*** SUPPLIED MATERIAL Section Begins ***
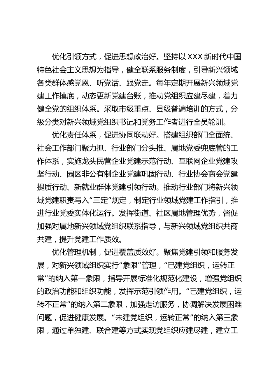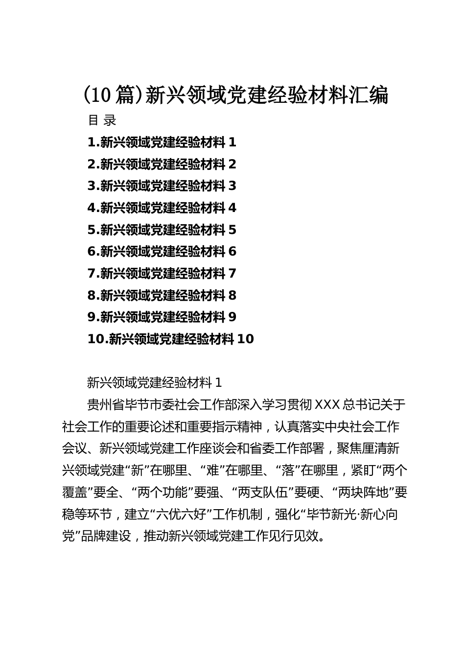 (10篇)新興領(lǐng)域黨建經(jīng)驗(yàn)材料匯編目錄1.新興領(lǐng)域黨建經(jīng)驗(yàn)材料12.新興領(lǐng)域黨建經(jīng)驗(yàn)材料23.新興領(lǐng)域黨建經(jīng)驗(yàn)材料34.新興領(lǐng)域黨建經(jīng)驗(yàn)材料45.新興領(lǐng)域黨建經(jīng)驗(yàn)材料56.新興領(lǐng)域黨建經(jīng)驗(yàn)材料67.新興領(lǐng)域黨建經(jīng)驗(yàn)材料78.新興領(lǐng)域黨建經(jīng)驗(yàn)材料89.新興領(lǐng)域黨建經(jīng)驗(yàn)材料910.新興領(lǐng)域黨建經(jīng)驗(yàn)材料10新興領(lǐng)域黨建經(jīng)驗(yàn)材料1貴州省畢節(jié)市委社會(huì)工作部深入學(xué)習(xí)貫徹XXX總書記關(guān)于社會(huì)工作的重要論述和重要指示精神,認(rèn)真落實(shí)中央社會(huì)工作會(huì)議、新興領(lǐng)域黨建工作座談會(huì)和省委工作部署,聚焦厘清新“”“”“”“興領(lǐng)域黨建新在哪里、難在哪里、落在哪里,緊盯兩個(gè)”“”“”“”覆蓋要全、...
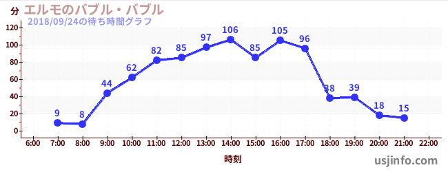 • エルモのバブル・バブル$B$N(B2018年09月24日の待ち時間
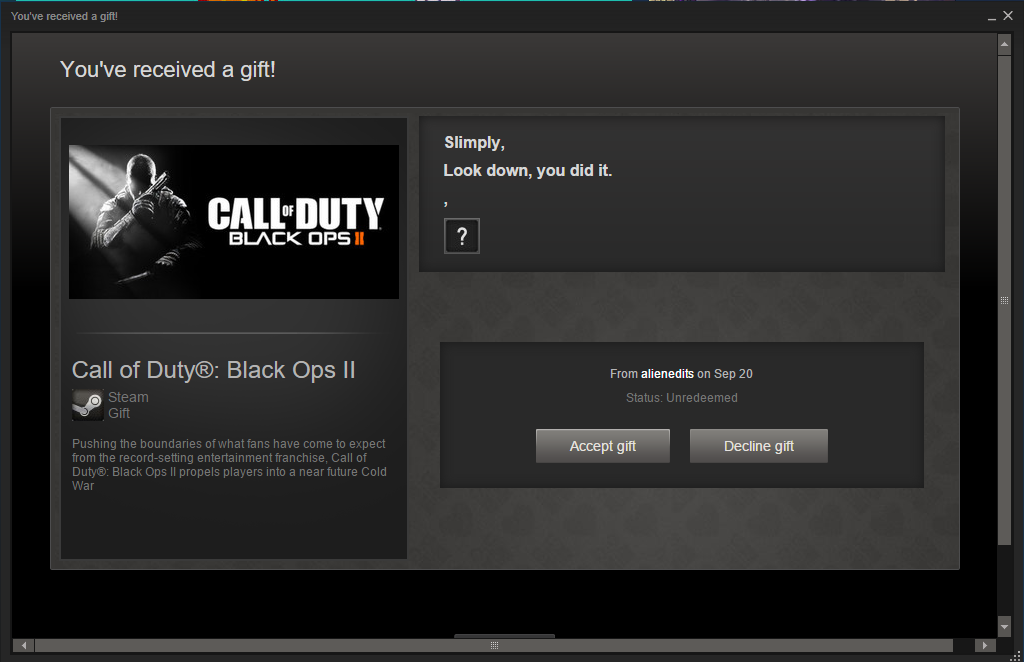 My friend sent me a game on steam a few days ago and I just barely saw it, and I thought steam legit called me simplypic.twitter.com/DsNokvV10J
*** SUPPLIED MATERIAL Section Ends ***
TASK PROMPT. Any picture in the data is to be skipped, while each line is returned exactly as written.

SOLUTION BELOW.
 (10篇)新興領(lǐng)域黨建經(jīng)驗(yàn)材料匯編目錄1.新興領(lǐng)域黨建經(jīng)驗(yàn)材料12.新興領(lǐng)域黨建經(jīng)驗(yàn)材料23.新興領(lǐng)域黨建經(jīng)驗(yàn)材料34.新興領(lǐng)域黨建經(jīng)驗(yàn)材料45.新興領(lǐng)域黨建經(jīng)驗(yàn)材料56.新興領(lǐng)域黨建經(jīng)驗(yàn)材料67.新興領(lǐng)域黨建經(jīng)驗(yàn)材料78.新興領(lǐng)域黨建經(jīng)驗(yàn)材料89.新興領(lǐng)域黨建經(jīng)驗(yàn)材料910.新興領(lǐng)域黨建經(jīng)驗(yàn)材料10新興領(lǐng)域黨建經(jīng)驗(yàn)材料1貴州省畢節(jié)市委社會(huì)工作部深入學(xué)習(xí)貫徹XXX總書記關(guān)于社會(huì)工作的重要論述和重要指示精神,認(rèn)真落實(shí)中央社會(huì)工作會(huì)議、新興領(lǐng)域黨建工作座談會(huì)和省委工作部署,聚焦厘清新“”“”“”“興領(lǐng)域黨建新在哪里、難在哪里、落在哪里,緊盯兩個(gè)”“”“”“”覆蓋要全、...
 • エルモのバブル・バブル$B$N(B2018年09月24日の待ち時間
 My friend sent me a game on steam a few days ago and I just barely saw it, and I thought steam legit called me simplypic.twitter.com/DsNokvV10J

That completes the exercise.